PCI Compliance

What Is PCI Compliance and How Can It Protect Your Business?

What Is PCI Compliance?

Are you concerned that your company may be vulnerable to compromised credit card data? It could ruin your good standing in the community, but you could also be subject to lost accounts, government fines, and worse. Who is making sure that you are PCI compliant? ECW (Electronic Commerce World) can help you maintain PCI compliance, but what is PCI compliance?

What Does PCI Compliance Mean?

Credit card companies want to ensure the security of transactions that merchants and businesses like yours process daily. Because of this, the card companies mandate their PCI compliance. This mandate greatly reduces the chances that cardholders will have their data stolen.

Merchants and businesses that are not PCI compliant could easily allow their customers’ information to be hacked and be used in a broad number of fraudulent ways. Being PCI compliant is defined as closely and consistently following a set of guidelines mandated by the PCI Standards Council. The council was created in 2006 to manage credit card security.

What Are the PCI Guidelines?

These guidelines are known as the PCI DSS (Payment Card Industry Data Security Standards). While there are 12 key requirements, 78 base requirements, and over 400 test procedures, there are essentially only six major objectives or security best practices.
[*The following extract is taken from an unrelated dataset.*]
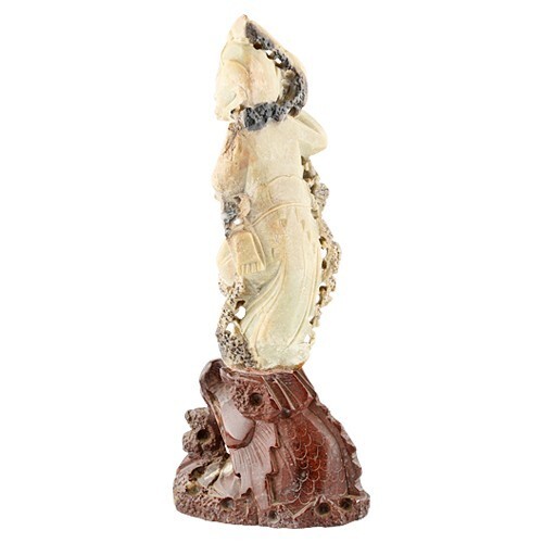 - Vintage Chinese Soapstone Sculpture w/ Red Stone Base Great Detail!

  1. Build and maintain a secure network.
    • Install and maintain a firewall configuration to protect cardholder data.
    • Do not use vendor-supplied defaults for system passwords and other security parameters.
  2. Protect cardholder data.
    • Protect stored cardholder data.
    • Encrypt transmission of cardholder data across open, public networks.
  3. Maintain a vulnerability management program.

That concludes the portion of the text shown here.